The 2021 Rochester mayoral election was held on November 2, 2021. Incumbent Democratic mayor Lovely Warren ran for reelection to a third term in office but was defeated in the Democratic primary by city councilman Malik Evans.

==Background==
In 2017, incumbent mayor Lovely Warren was investigated by the New York State Board of Elections for purported campaign finance violations related to two PACs created for her 2017 mayoral bid. It was alleged that Warren attempted to use the two PACs to subvert contribution limits. In October 2020, Monroe County District Attorney Sandra Doorley announced that a Monroe County grand jury voted to indict Warren and two officials who worked on her 2017 reelection campaign on charges related to these accusations. Warren described the investigation as a "political witch hunt" and plead not guilty to the charges.

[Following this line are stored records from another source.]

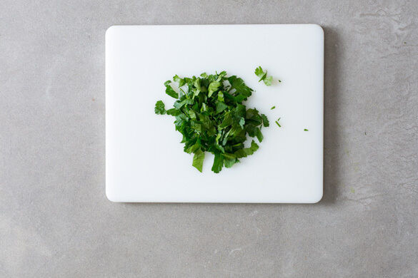 Die Korianderblätter samt Stängeln fein schneiden.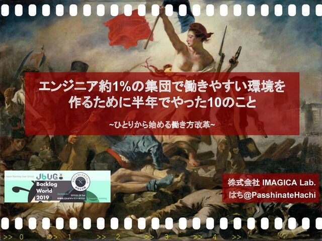 >> エンジニア約1%の集団で働きやすい環境を 作るために半年でやった10のこと ~ひとりから始める働き方改革~ 株式会社 IMAGICA Lab. はち@PasshinateHachi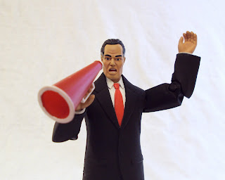 The accessories are mostly comical, playing up to various "boss" cliches. Some of the pieces are difficult to use due to the limited articulation, but you can more or less achieve a pose that makes sense for each accessory. The megaphone pictured above let's him properly motivate his subordinates.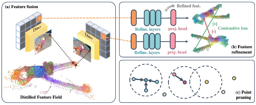 As shown in Figure 4(a), the researchers adopted a 3D feature distillation approach to construct a 3D feature field. Unlike previous methods that directly reconstruct a continuous implicit feature field using NeRF representations, we apply DINO to RGB images and refine discrete 3D points, propagating them into the surrounding space. By leveraging the correspondence between pixels and points, we directly project these features onto each point cloud, generating features for each point.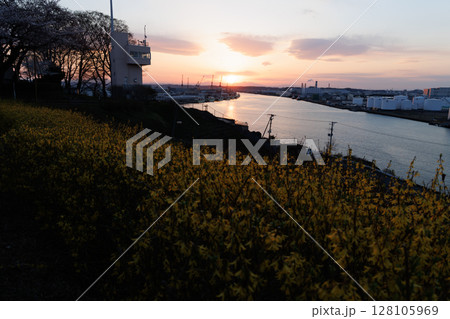 舘鼻公園の菜の花と夕焼けの馬淵川(青森県八戸市)

Warren had previously faced controversy after the March 2020 killing of Daniel Prude at the hands of Rochester police and her failure to publicly comment on the investigation into it. On March 12, 2021, a probe by the city council determined that Mayor Warren and then-Rochester Chief of Police La'Ron Singletary concealed critical details about Prude's death from the public and lied about their knowledge of the case.

On May 19, 2021, Warren's husband Timothy Granison was stopped on the road by New York state troopers, who found a large quantity of cocaine in his car. Police then searched Warren and her husband's home, finding an unregistered handgun. Granison was charged with three felonies: criminal possession of a controlled substance, criminal possession of a controlled substance with intent to sell, and criminal possession of an unregistered firearm. He pleaded not guilty to all three charges and was released on his own recognizance. Granison was one of seven people who were arrested as part of a larger investigation by the Rochester Police Department into the presence and proliferation of illegal drugs within the city. Warren, who is separated from her husband, maintained her innocence and claimed that the investigation was politically motivated. As evidence of this she commented that her husband's trial was set for June 21, one day before the Democratic primary, even though that date was actually requested by her husband's lawyer.

==Democratic primary==
Evans declared his candidacy on Martin Luther King Jr. Day 2021. Upon his entry into the race, Warren's campaign released the following statement:

We've prepared for this moment. All over the country unfortunately it's been our brothers that have been first in line to take on sisters. The powers that be playbook hasn't changed since the days of slavery. We know our ancestors are looking down upon us and asking when will our people learn. The Warren Campaign is committed to breaking these generational curses. We will run on our record of service and our record of results. We're confident that He who delivered us two victories before will deliver us another victory.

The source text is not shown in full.